When you reach the line containing "BOŽIĆNA POSUDA U" in the data below, begin returning lines exactly as written, and stop once the line containing "视界聚焦短剧、直播、综艺等视频内容,提供一站式视频内容聚合与消费场景。" has been returned.
--- Data section ---
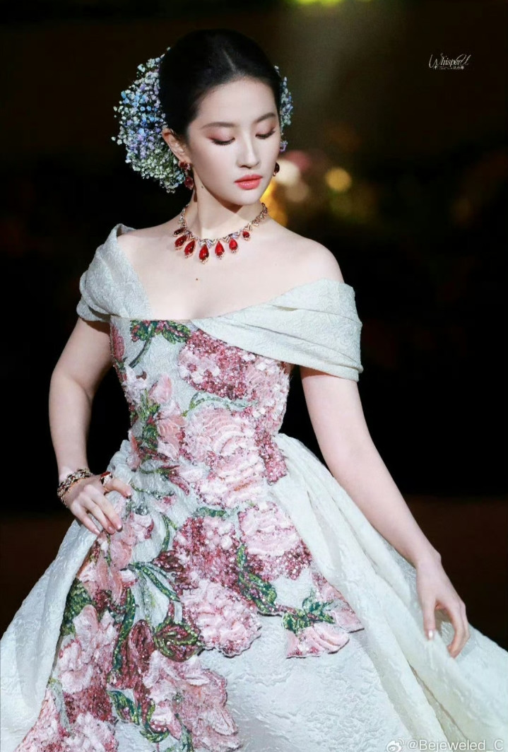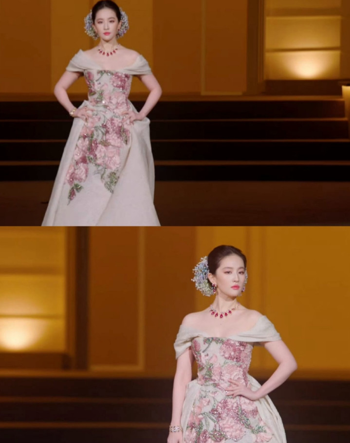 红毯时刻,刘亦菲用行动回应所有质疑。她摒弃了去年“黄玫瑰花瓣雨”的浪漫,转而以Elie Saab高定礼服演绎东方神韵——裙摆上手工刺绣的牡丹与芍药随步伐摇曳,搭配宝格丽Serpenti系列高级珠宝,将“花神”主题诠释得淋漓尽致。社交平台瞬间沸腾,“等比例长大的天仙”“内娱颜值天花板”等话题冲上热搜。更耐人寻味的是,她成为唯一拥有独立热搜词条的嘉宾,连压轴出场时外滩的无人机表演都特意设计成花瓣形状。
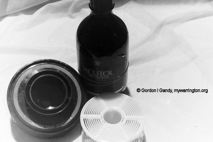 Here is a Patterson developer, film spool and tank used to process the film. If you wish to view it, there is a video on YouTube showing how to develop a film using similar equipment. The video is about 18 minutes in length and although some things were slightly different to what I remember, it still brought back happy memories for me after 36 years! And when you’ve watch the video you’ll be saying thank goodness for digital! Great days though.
---
--- Data section ---
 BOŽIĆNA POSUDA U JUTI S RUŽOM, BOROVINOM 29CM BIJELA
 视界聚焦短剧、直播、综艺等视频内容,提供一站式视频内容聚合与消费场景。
---
Written reply:
 BOŽIĆNA POSUDA U JUTI S RUŽOM, BOROVINOM 29CM BIJELA
 视界聚焦短剧、直播、综艺等视频内容,提供一站式视频内容聚合与消费场景。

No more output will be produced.